• DATA SECTION:

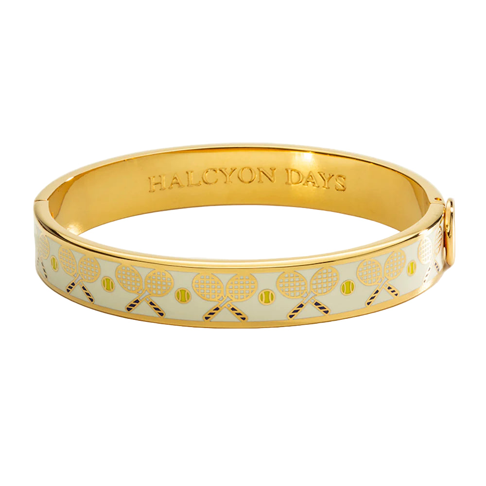 Our Tennis Racket and Ball bangle is 10mm wide and 18ct gold plated for an opulent finish. Featuring a hinge clasp and the Halcyon Days branding on the inside, this timeless design looks fabulous when stacked with other bangles or when worn individually.
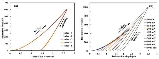 Based on the above calculation, the dependences of Young’s modulus and hardness on the indentation force are shown in Figure 4a,b for Berkovich and flat-tip indenters, respectively. As seen from Figure 4a, Young’s modulus decreased rapidly from 115 to 75 GPa with force from 50 to 300 mN and kept in the range of about 60–70 GPa with force from 300 to 1000 mN. In the case of hardness, it also decreased as the applied force were increased under Berkovich indentation with a range of 6–10 GPa. Under the flat-tip indentation, as shown in Figure 4b, Young’s modulus and hardness increased linearly with the applied force due to the constant indentation-induced contact area.
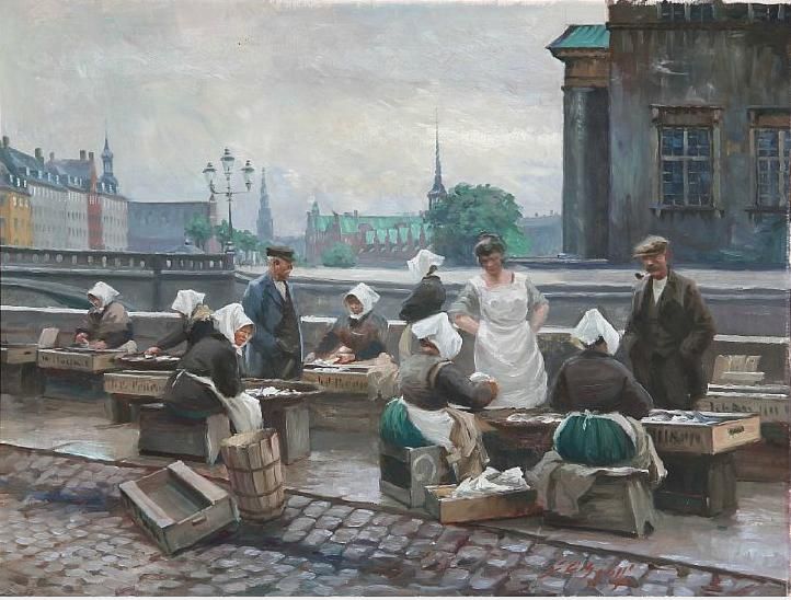 Fishermens' wife selling fish at Gl. Strand in Copenhagen.
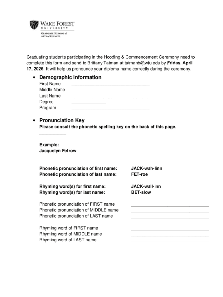 Any graduate who is participating in a graduation ceremony should submit this form to ensure their name is pronounced correctly.

• ACTIVITY: Leaving every picture out, write out exactly the lines from the one that holds "Fishermens' wife selling" through the end of the listing, both included.

• RESPONSE BELOW:
 Fishermens' wife selling fish at Gl. Strand in Copenhagen.
 Any graduate who is participating in a graduation ceremony should submit this form to ensure their name is pronounced correctly.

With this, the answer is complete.